### Task
Omit the pictures, then reproduce exactly the line bearing "值得注意的是,本次淘汰赛中1" and every line after it up to and including the last line of the entries below.

☆ ☆ ☆ ☆ ☆ ☆ ☆

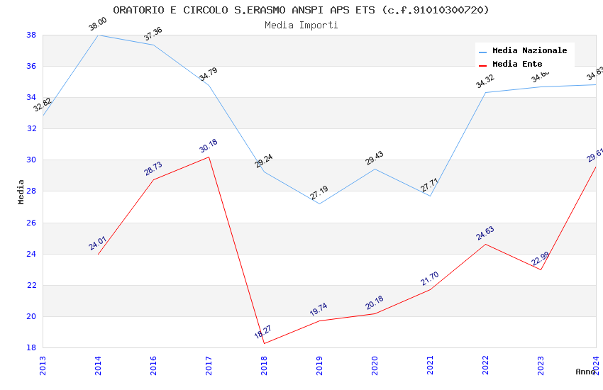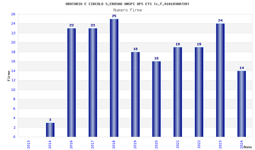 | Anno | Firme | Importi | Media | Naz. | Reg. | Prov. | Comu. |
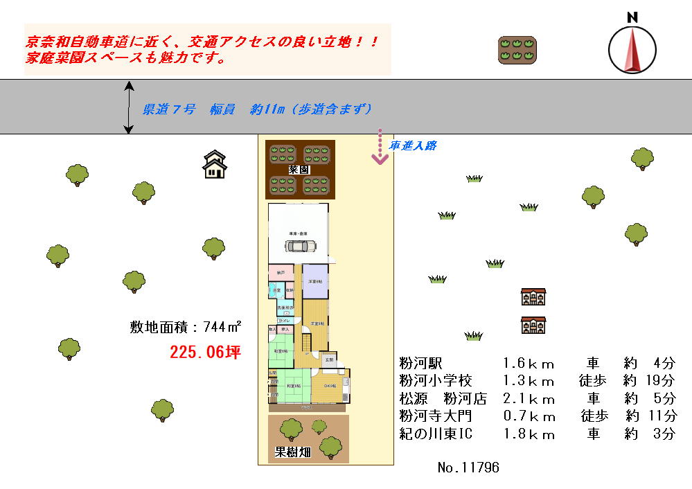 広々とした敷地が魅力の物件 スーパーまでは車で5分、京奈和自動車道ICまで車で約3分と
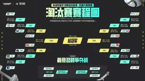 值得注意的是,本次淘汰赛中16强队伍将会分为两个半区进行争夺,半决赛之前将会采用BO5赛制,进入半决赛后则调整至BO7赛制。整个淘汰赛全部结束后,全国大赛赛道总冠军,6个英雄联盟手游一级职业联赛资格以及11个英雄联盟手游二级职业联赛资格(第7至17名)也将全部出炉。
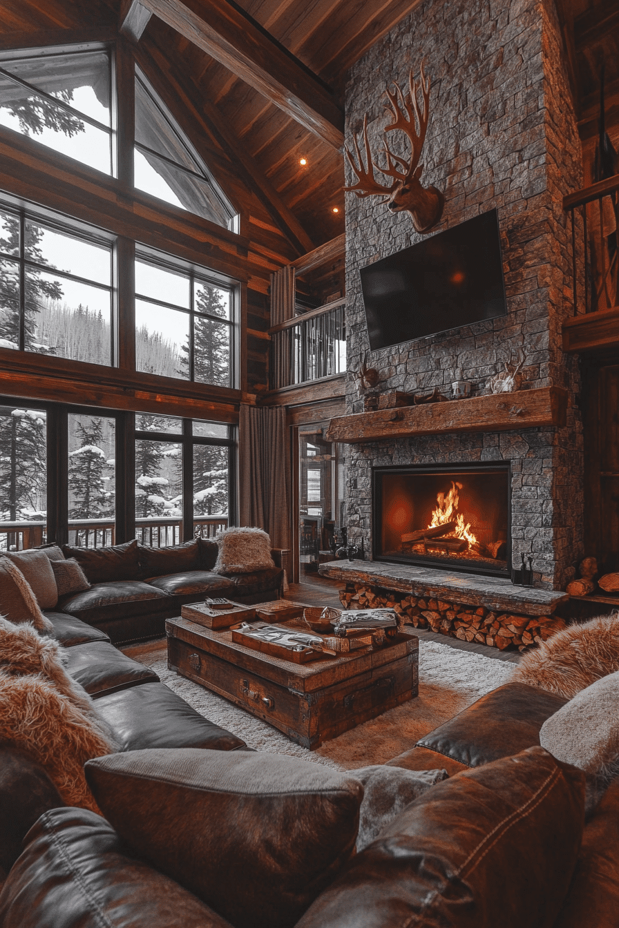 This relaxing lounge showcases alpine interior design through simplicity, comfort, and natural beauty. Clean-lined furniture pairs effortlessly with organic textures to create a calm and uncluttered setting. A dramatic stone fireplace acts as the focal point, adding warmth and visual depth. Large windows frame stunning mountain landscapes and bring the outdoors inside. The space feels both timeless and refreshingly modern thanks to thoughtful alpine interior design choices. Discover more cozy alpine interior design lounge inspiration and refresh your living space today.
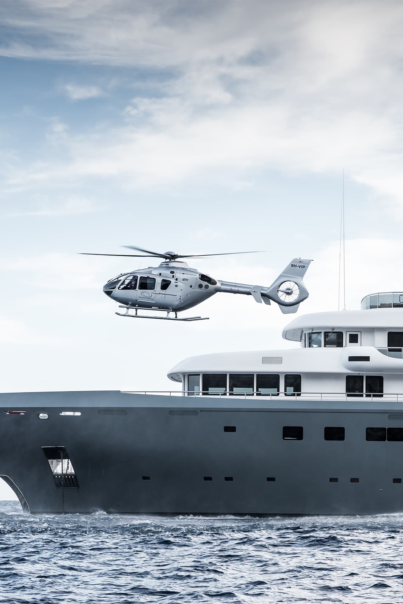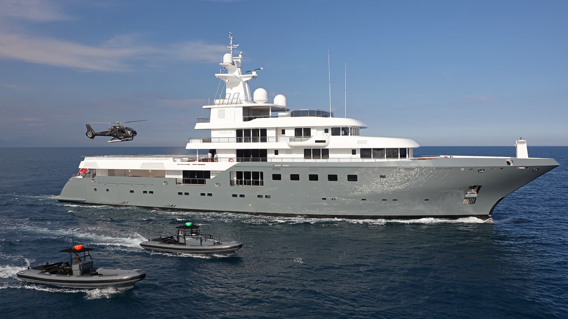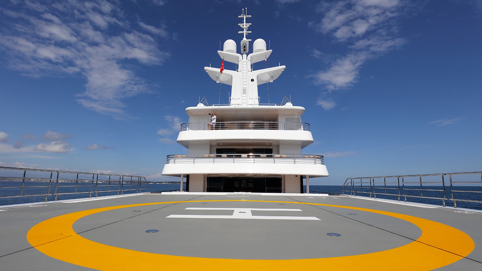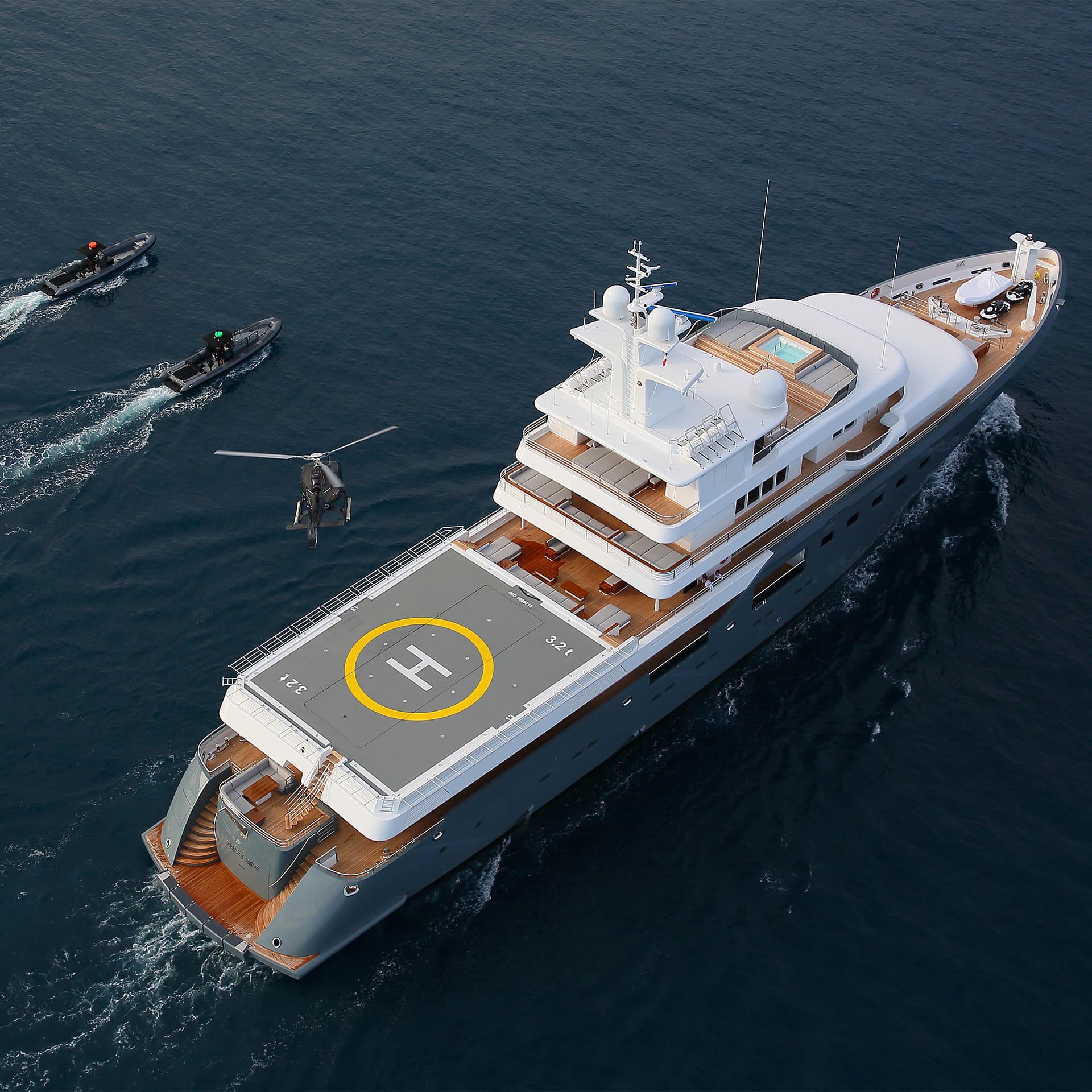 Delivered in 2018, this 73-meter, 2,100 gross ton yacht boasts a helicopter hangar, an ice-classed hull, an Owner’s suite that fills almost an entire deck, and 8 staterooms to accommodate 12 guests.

☆ ☆ ☆ ☆ ☆ ☆ ☆

### Answer area
 值得注意的是,本次淘汰赛中16强队伍将会分为两个半区进行争夺,半决赛之前将会采用BO5赛制,进入半决赛后则调整至BO7赛制。整个淘汰赛全部结束后,全国大赛赛道总冠军,6个英雄联盟手游一级职业联赛资格以及11个英雄联盟手游二级职业联赛资格(第7至17名)也将全部出炉。
 This relaxing lounge showcases alpine interior design through simplicity, comfort, and natural beauty. Clean-lined furniture pairs effortlessly with organic textures to create a calm and uncluttered setting. A dramatic stone fireplace acts as the focal point, adding warmth and visual depth. Large windows frame stunning mountain landscapes and bring the outdoors inside. The space feels both timeless and refreshingly modern thanks to thoughtful alpine interior design choices. Discover more cozy alpine interior design lounge inspiration and refresh your living space today.
 Delivered in 2018, this 73-meter, 2,100 gross ton yacht boasts a helicopter hangar, an ice-classed hull, an Owner’s suite that fills almost an entire deck, and 8 staterooms to accommodate 12 guests.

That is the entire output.